Would you repeat exactly the part of the listing below that runs from the line containing "Muíño de Casanova (Vilarmaior)" down to the line containing "mente coa intención", inclusive, and nothing else?

EXERCISE DATA >>
>>>

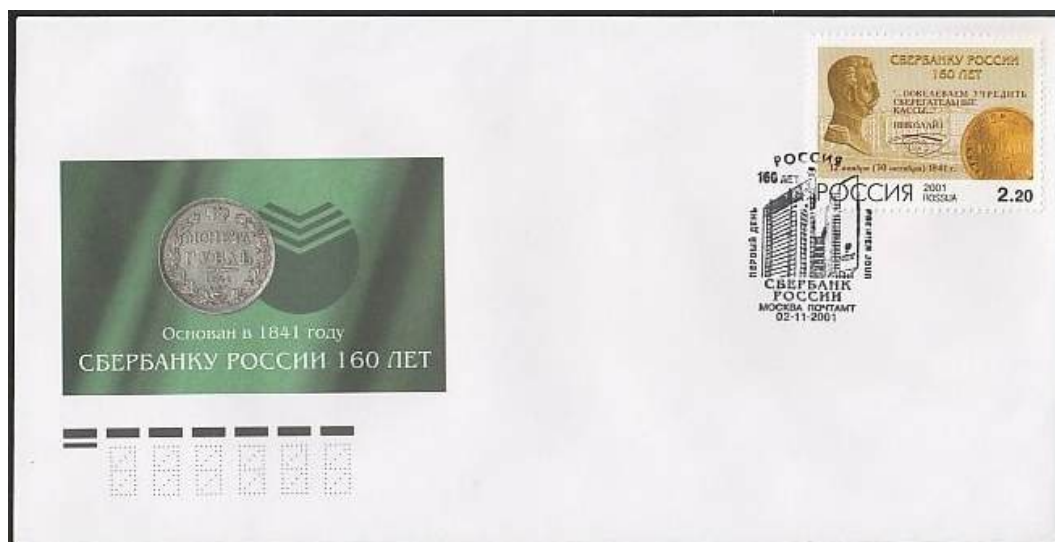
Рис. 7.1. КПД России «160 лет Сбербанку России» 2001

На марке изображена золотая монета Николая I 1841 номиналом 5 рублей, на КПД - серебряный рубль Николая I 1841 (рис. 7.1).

<<<
>>>

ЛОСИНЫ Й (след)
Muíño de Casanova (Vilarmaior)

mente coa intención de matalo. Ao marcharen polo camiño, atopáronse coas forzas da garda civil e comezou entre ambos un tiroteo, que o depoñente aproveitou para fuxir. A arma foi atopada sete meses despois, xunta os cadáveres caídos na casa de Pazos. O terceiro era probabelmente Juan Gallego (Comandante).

<<<

SOLUTION TO THE PROBLEM >>
Muíño de Casanova (Vilarmaior)

mente coa intención de matalo. Ao marcharen polo camiño, atopáronse coas forzas da garda civil e comezou entre ambos un tiroteo, que o depoñente aproveitou para fuxir. A arma foi atopada sete meses despois, xunta os cadáveres caídos na casa de Pazos. O terceiro era probabelmente Juan Gallego (Comandante).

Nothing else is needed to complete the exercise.